- **THE PROBLEM**
What needs reproducing is the run of lines in the data below starting at the line with "Расчетные схемы сферы из оболочек и стержней" and ending at the line with "Snow Vase (Natasha", both ends included. Copy it exactly, without pictures, and add nothing.

- **RECORDS**

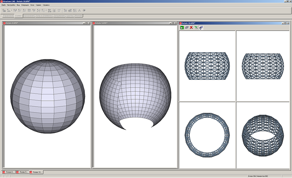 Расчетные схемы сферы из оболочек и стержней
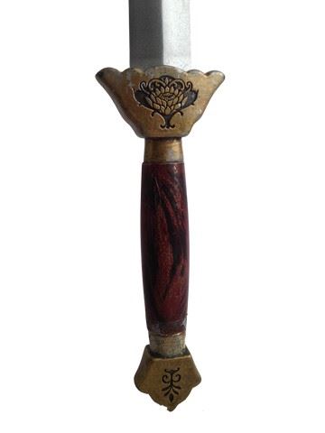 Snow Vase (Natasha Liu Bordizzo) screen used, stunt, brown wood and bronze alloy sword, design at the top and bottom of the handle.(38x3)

---

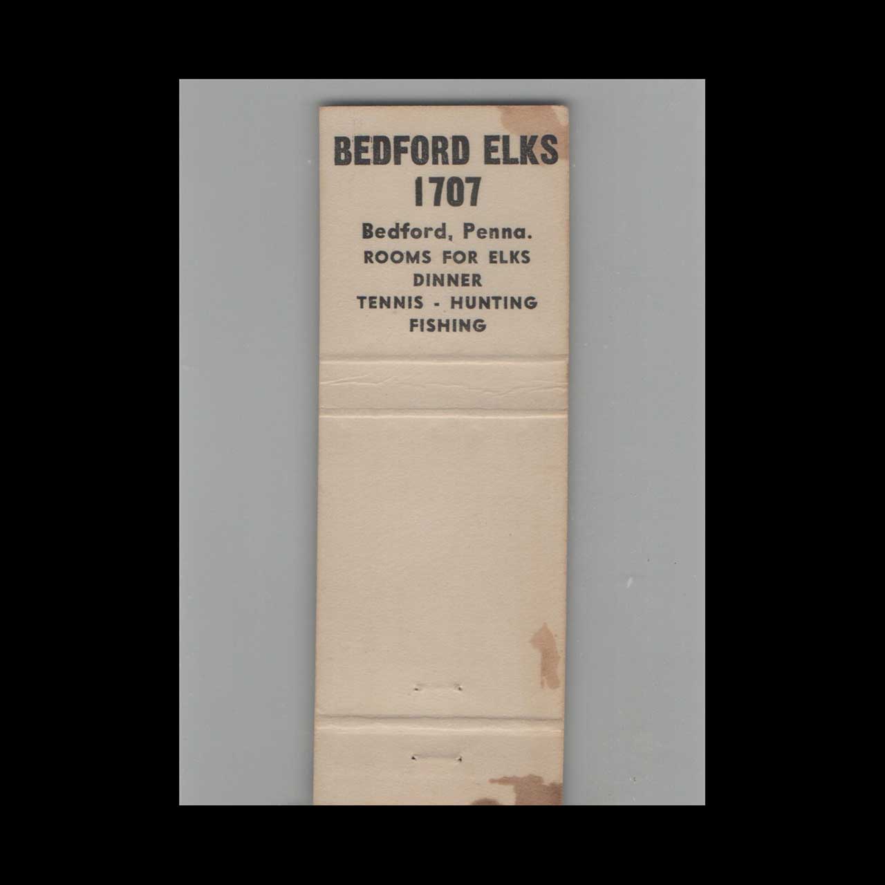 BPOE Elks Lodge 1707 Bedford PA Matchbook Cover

* * *

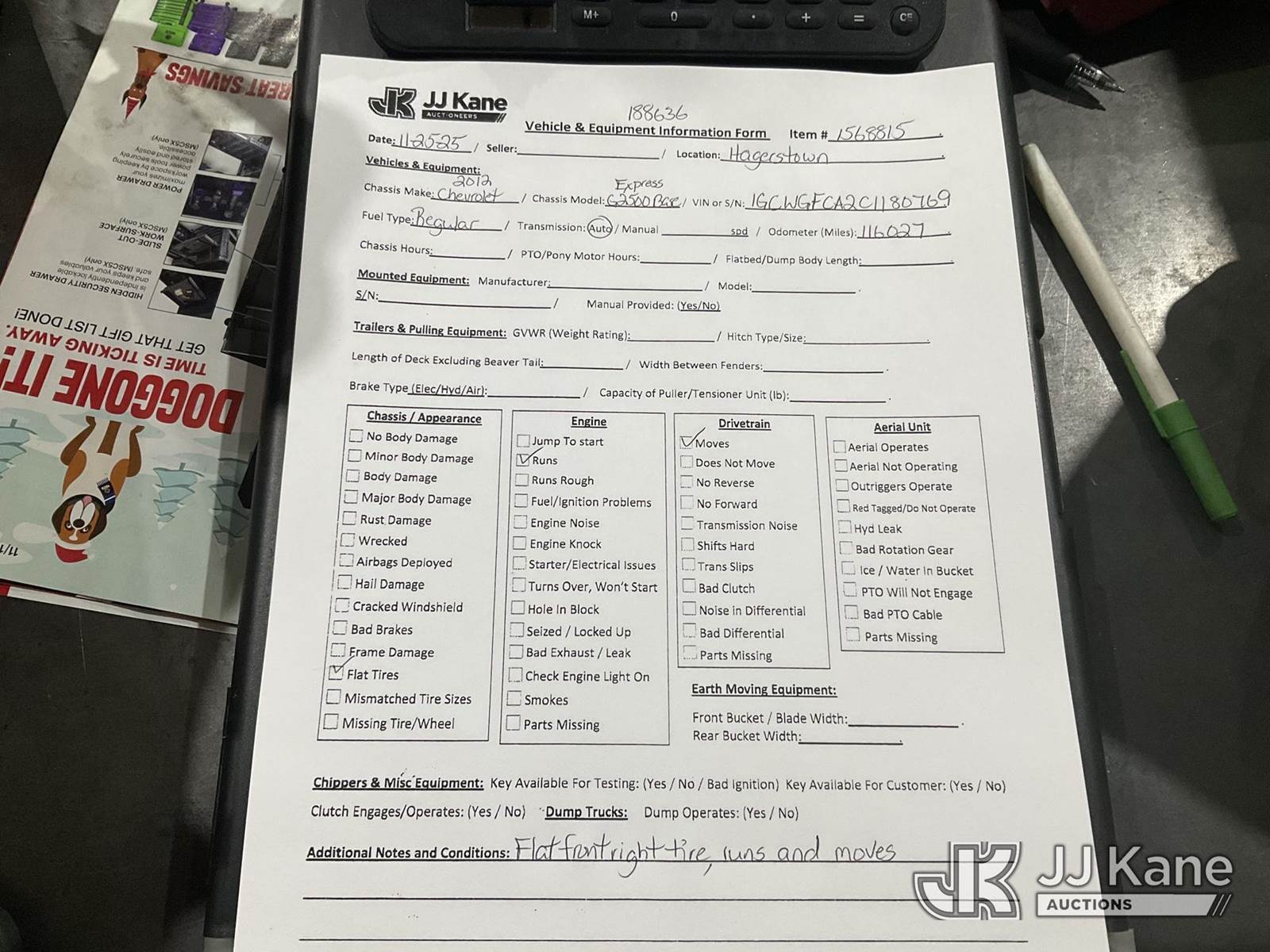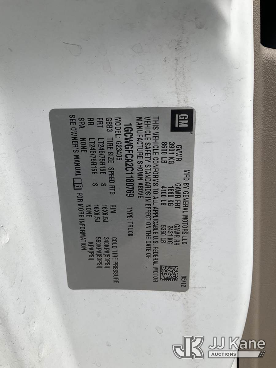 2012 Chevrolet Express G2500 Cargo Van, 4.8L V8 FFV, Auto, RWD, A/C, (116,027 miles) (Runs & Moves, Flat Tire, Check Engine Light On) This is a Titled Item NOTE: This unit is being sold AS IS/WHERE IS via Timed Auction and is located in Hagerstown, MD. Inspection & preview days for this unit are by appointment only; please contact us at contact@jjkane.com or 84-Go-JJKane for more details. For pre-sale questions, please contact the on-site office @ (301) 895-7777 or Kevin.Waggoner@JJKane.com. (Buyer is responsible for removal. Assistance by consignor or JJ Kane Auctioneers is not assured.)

- **EXPECTED ANSWER**
 Расчетные схемы сферы из оболочек и стержней
 Snow Vase (Natasha Liu Bordizzo) screen used, stunt, brown wood and bronze alloy sword, design at the top and bottom of the handle.(38x3)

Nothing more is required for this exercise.